This tested recipe for traditional gluten free pound cake is moist and tender, dense and buttery, just like you remember. It always gets rave reviews!
Why is it called a pound cake?
A traditional pound cake is so named because it’s made with a pound of flour, a pound of butter, a pound of sugar and a pound of eggs. Even so, most of the pound cake recipes I have shared with you have called for both butter and cream cheese.
But there’s certainly something to be said for tradition. And this is precisely the sort of pound cake that is perfect for layering into a lovely warm-weather trifle with all sorts of colorful berries.
Gluten free pound cake means tweaking the original formula
I’ve said it before, and at the risk of making you cross with me I’ll say it again: gluten free baking requires gluten free recipes. So the traditional formula for a pound cake just doesn’t work perfectly for gluten free.
This recipe in particular (unlike most recipes for pound cake) only makes 1 loaf, so it’s more like a half pound of this, a half pound of that as a starting point anyway.
Feel free to double, though, if you’re looking for 2 loaves or you’d like to make the recipe in a bundt or tube pan (just watch the baking time).
The batter is smooth and silky, and very thickly pourable. Once you add the eggs to the beaten butter and sugar mixture, it may look a bit curdled but it will smooth right back out when you add the flour mixture.

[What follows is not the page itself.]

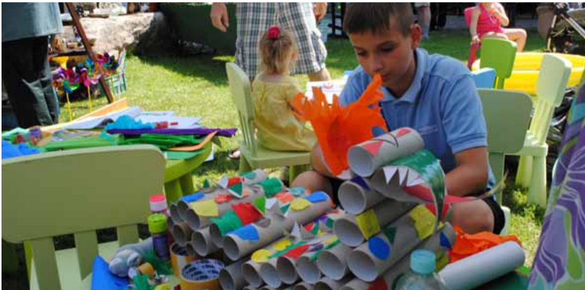
Tak powstawał eko-smok.

i w namiotach można było zakupić specjalne autorstwa Kół Gospodyń Wiejskich z Redzikowa, Włynkowa, Wiklina i Lubuczewa. Najmłodszy korzystali z bezpłatnej strefy malucha, w której oprócz gier i zabaw, można było wziąć udział w konstruowaniu smoka z materiałów ekologicznych. W namiocie promocyjnym gminy Słupsk, można było zaciągnąć informacji, w jaki sposób gmina Słupsk „przytuli” osoby, które chciałyby w niej zamieszkać. Upał nie przeszkodził wystawcom ani uczestnikom jarmarku w ciekawym spędzeniu niedzieli. Wszyscy opuścili plac przed Muzeum Pomorza Środkowego z uśmiechami na twarzach.

As always in baking, the temperature of the ingredients very important. In a recipe this simple, it’s especially important. The butter and eggs must be at room temperature for everything to combine properly.
If you add cold eggs to room temperature butter, the butter will clump. To bring cold eggs to room temperature, place them in a warm water bath and allow them to sit for about 15 minutes.
Cold butter can be chopped and microwaved for 10 seconds, no longer. Be sure to stop before the butter melts. If you don’t blend the ingredients properly, the butter will clump and then melt and leak out during baking.
There’s nothing else quite like the smooth baked interior and slightly crispy, perfectly browned crust of a traditional pound cake. The crumb of a pound cake is tighter and the cake itself denser than vanilla cake, but not at all dry.
It’s not too far off the 1:1:1:1 ratio of traditional “pound” cake, but the adjustments make it just as good made gluten free as it is made with gluten. We might have to get there a slightly different way, but we’ll get there.